Film producer and two-time Oscar winner Branko Lustig died at the age of 87 in Zagreb on Wednesday.
Lustig was born to a Jewish family in Osijek in 1932. During WWII he was detained in Auschwitz and Bergen-Belsen, weighing only 30 kg when he was freed. Most of his family were killed in concentration camps all over Europe.
He won the Academy Award for best producer in 1993 for Steven Spielberg's “Schindler's List” and in 2000 for Ridley Scott's “Gladiator”. He donated his “Schindler's List” Oscar to the Yad Vashem World Holocaust Remembrance Center in Jerusalem in 2015.
“My number is A 3317. I am a Holocaust survivor. It is a long way from Auschwitz to this stage. I saw many people die and their last words were, ‘Be a witness to my murder.
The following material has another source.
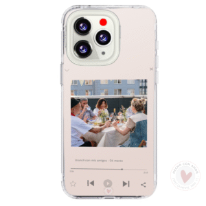 En La Botigueta de Marieta creamos fundas únicas con estilo Spotify, donde podés personalizar con la portada de una canción, un código escaneable, nombres, fechas o una foto especial.

Tell the world how I died Remember,’ Lustig said when he received the Oscar for “Schindler's List,” in 1993.
Croatian president Franjo Tudjman decorated Lustig in 1994.
In 2014, Lustig was decorated by the president of France and ranked the 29th best film producer of all times by the eminent magazine The Daily Beast.
Since 2008, Lustig has been the president of the Festival of Tolerance – Jewish Film Festival Zagreb.